More and more Birmingham students are benefiting from guidance and support from graduates to prepare for working life.
The University’s employability service Careers Network is reaching out to even more alumni to ensure that every student who wants to learn from a mentor can find one.
This academic year, 570 mentors are working with Careers Network across various programmes, helping students and graduates with their future development and next steps.
Mentors on the programmes share knowledge, act as role models and promote the growth of employability skills, making a significant contribution to a student’s personal and social development.
Introducing an intern to the creative industries
Alumnus James Bunting (BA English and Philosophy, 2011) is an enthusiastic advocate of the University’s mentoring programme after being paired up with a Birmingham student in 2017.
He explains: ‘My student Grace was interning with a start-up, where part of her role was to launch a podcast series and talk to others within start-ups about how they got their big break and provide careers advice.
‘It was really interesting for someone who didn’t yet have that kind of career or a permanent job to be interviewing people who had been in industry for 5, 10, 15, 20 years and have done incredibly interesting things.
‘I introduced her to various people and was on the podcasts as well. What was really interesting was talking to her throughout that process and trying to open up the right networks and help her navigate the weird and wonderful world of the creative industries.
‘Her scrutiny of all those different roles reminded me of some of the things people don’t know when they start out. I think we both learnt a lot from it.
‘She’s now at the Birmingham Start-Up Society and I’ve offered advice on various projects that she was trying to run: how to pitch it, how to structure a budget, etc. So that was the very functional end of things but I think – I hope – that it was quite useful for her.’
Ademide Adenaike (Company Director, Sons of Pitches), Kate Stewart (Immigration Compliance Officer, University of Birmingham), Rose Taylor (Rail Systems Engineer, Arup) and James Bunting (Senior Account Director, Hope&Glory)
Benefits for both graduate and student
Acting as a mentor offers a range of benefits. The mentor gains a new perspective from a Birmingham student and has a rewarding experience knowing their advice has helped the student progress; while the mentee can offer support to the mentor’s business as part of the process.
All career paths are suitable for mentoring: mentors can take many forms, from senior figures in business and industry through to family members.
Alumnus Ademide Adenaike (MPharm Clinical and Experimental Medicine, 2017) is now pursuing a career in music through a capella group The Sons of Pitches but was able to call upon advice within his family for his Pharmacy degree.
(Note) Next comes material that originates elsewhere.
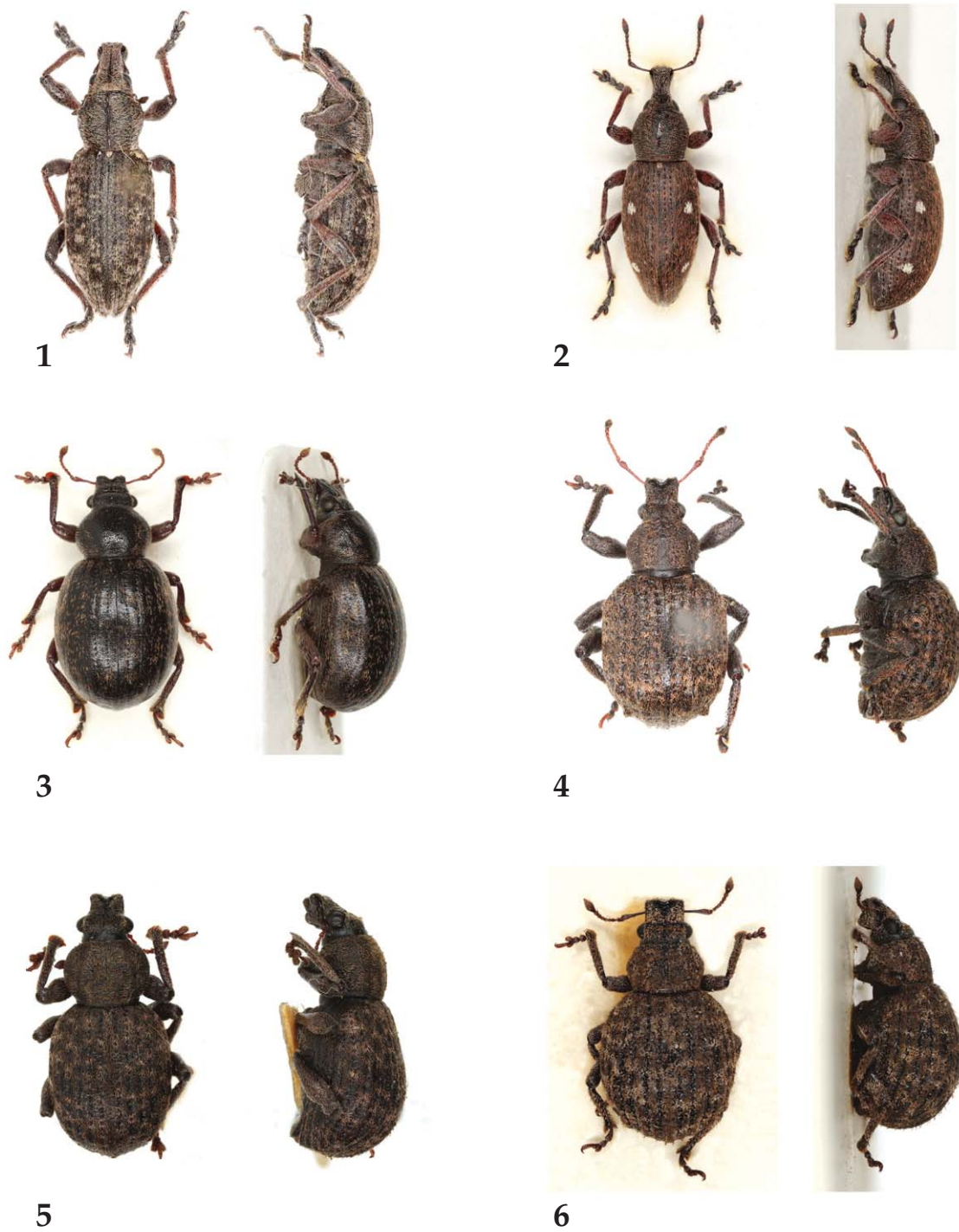
Plate 1. Entiminae. 1. Trichalophus maklini ; 2. Trichalophus rubripes ; 3. Dactylotus (Dactylotinus) globosus ; 4. Dactylotus (Dactylotinus) koreanus ; 5. Dactylotus (Dactylotinus) orientalis ; 6. Dactylotus (Nipponoblosyrus) falcatus .
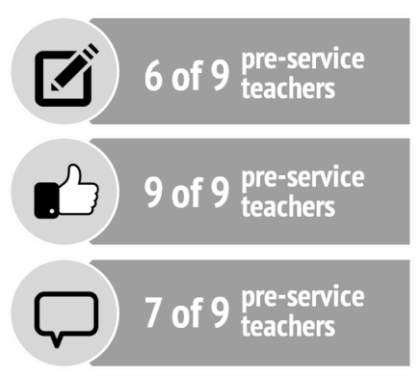
IMAGE 1 – Interaction of pre-service teachers in Facebook according to initial questionnaires

On the other hand, participants did not see themselves as mere observers as they reported being engaged in interactions either by responding to posts or spontaneously sharing information, specially on Facebook. For that, an unexpected result was the observation that the engagement of participants with Facebook was considerably different in practice (as observed in the interactions in the Facebook group) and in theory, as reported by them in the questionnaire, as shown in Image 1.

He says: ‘My first year at Birmingham didn’t go to plan exam-wise. I had a mentor within the family who works in healthcare and he gave me lots of different ways to look at how to study and tackle the degree.
‘He got to know the kind of student I was and gave me specific tips and advice: “OK, in reality you’re probably going to want to revise like this, you’re probably got this amount of time to do this”.
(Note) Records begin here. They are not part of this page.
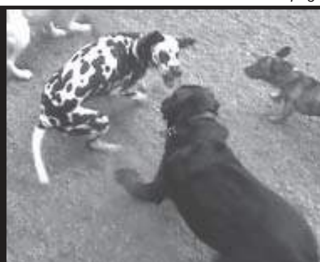
The entrance to a dog park is where a lot of problems occur. Too many dogs converge on the newcomer, who sometimes resorts to aggression when faced with the inappropriate greeting styles of the dogs at the gate.
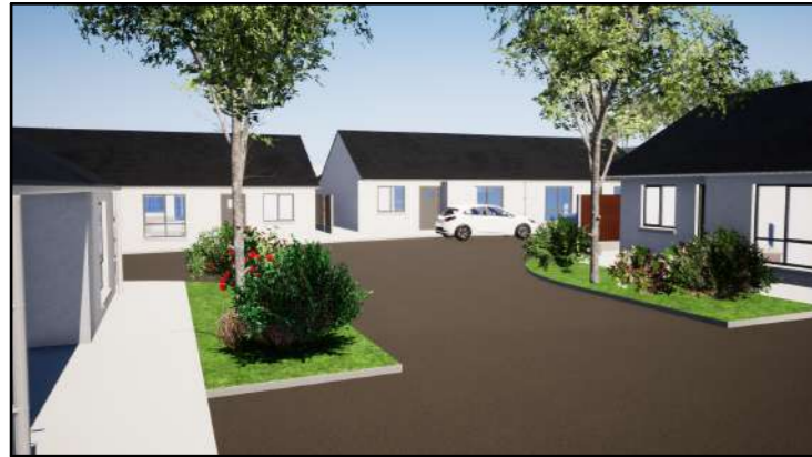
View 04 - Plots 6-9
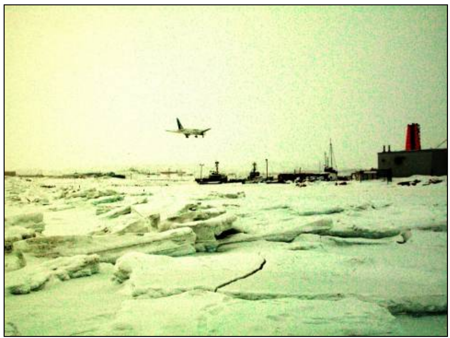
FIGURE 3. Shoreline of Iqaluit showing areas of previous ice ride-up. After the establishment of the ice foot, large floes of mobile ice can be thrust up on top of the landfast ice. This can occur at high water levels, which can flood the back of the icefoot and encroach on the city shoreline. Photo: SVH, February 2011.

There is abundant evidence for Arctic warming over the last 30 years and the area around Iqaluit has experienced some of the most rapid warming in the last decade (ACIA, 2005; Bekryaev et al., 2010). Over the circumpolar Arctic, this has led to extensive ice loss and widespread extension of the ice-free season (Gough et al., 2004; Johannessen, 1999; Markus et al., 2009; Smith, 1998). Closer to the study area, Markus et al. (2009) reported a consistent expansion of the ice-free season in Baffin Bay by 8.3 days/decade, with onset of freeze-up in the fall delayed by 3.2 days/decade. Thus, over 30 years, freeze-up is retarded by about 9.6 days. This could mean the difference between a storm passing over water heavily laden with ice, or over water that is almost ice-free. The fetch over open water could mean the difference between a heavily damaging storm with waves, or an early winter wind event over ice (quite common in Iqaluit).
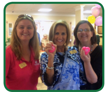
The ice cream social was a tasty success!
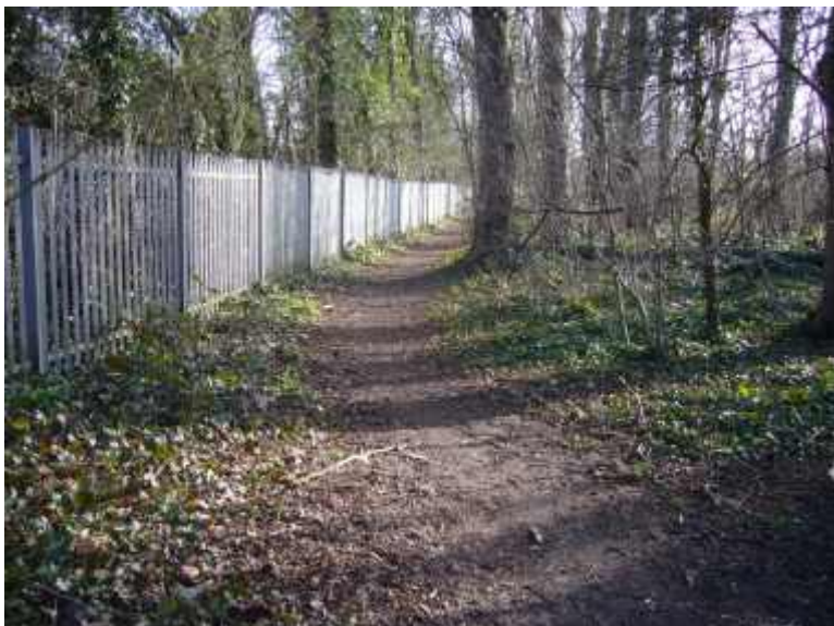
looking south towards station
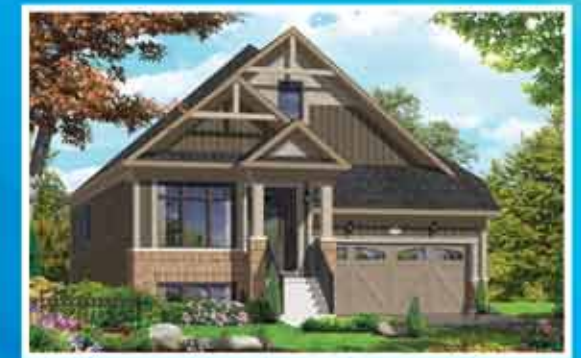
ELEV - A - 1851 sq.ft.
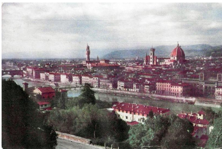
common image view

Postcards available to the general public were used throughout Pentothal mailings, with additional text added. Interesting to note is that this Selsun postcard was mailed July 31, 1956, the day before any known Pentothal cards were posted from Florence in their mass-mailing. There must be more to the connection in this story!
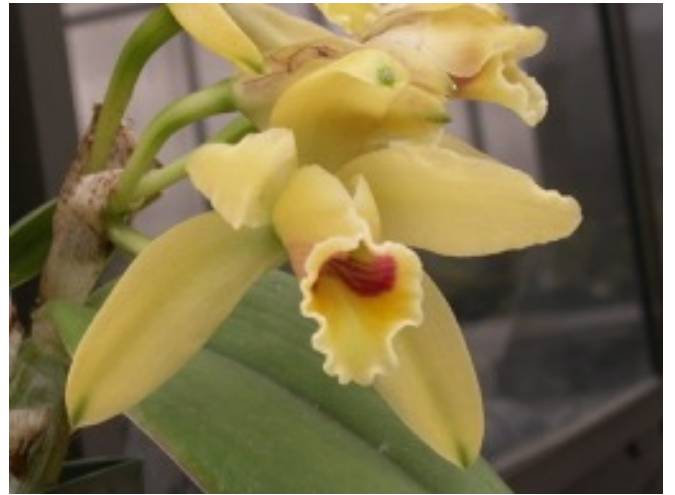
Cattleya luteola, about the same diameter as the Cattleya warscewiczii's lip (see third page)
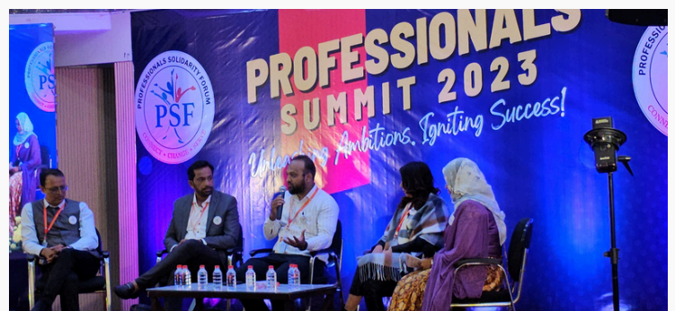
Panel Discussion on "Creating Socially Responsible Professionals"
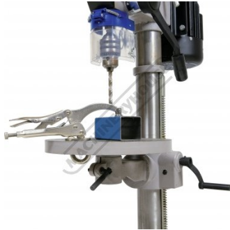
Shown Clamping Job on an Optional Drilling Machine Low View
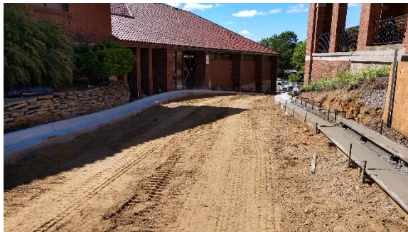
West Drive Looking South
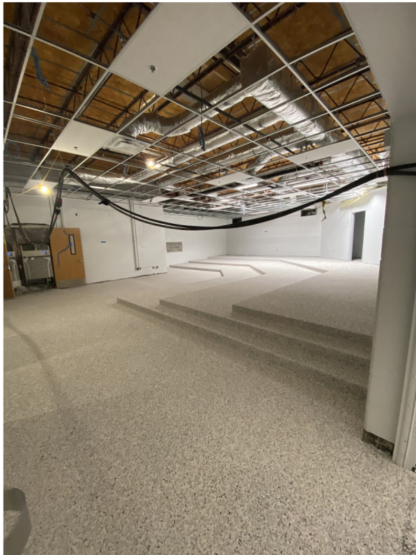
Area A/B Building Drawing Classroom
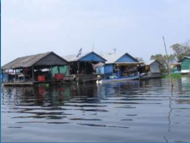
Mobile floating village
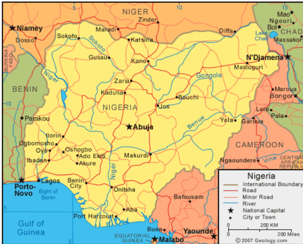
Fig 2.1 Map of Nigeria

shows the map of Nigeria detailing some cities and boundary with other neighbouring countries.
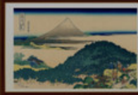
Cushion Pine a...

‘Even being held accountable to other people can be really, really helpful, and I’d like to be able to offer similar support for current students myself.’
Support for both career and individual
Careers Network also offers support to LGBTQ students by matching them with mentors from a range of occupations to receive guidance and advice about the choices they made in their careers and coming out in the workplace, in a scheme run jointly by the Equality and Diversity team, the Guild LGBTQ Association, Careers Network and Sean Russell Consulting.
The mentors offer advice on how to be happy and fulfilled as an out lesbian, gay, bisexual, transgender and/or queer employee. Now in its sixth year, it is believed to be one of the longest running LGBT university schemes in the UK.
Rose Taylor worked for Jaguar Land Rover for almost 20 years before starting an LGBT network, coming out transgender and transitioning in the workplace. Rose now works in the rail industry for Arup and volunteers for a number of organisations, as well as offering mentoring support to a current student.
‘It’s interesting to understand my mentee’s journey and what they want to do. I try to just share my journey and what I did, how I felt – that sort of side of it – and very much they’ll make their own decision as to where they want to end up.
‘I think I’m on a personal journey myself so there’s many things that I benefit from. It helps some of my skills, it helps educate me as well. I’m sure I learn off the students as much as they learn off me, absolutely.
‘I’m transgender so I know many trans people and they have each contributed something to me, just by sharing their story and their journey. There’s a lot of worries that I have about the future. Having them share where they’re at and occasionally scream and shout is brave. At the same time they’re also helping me, because sometimes that’s what I want to do.’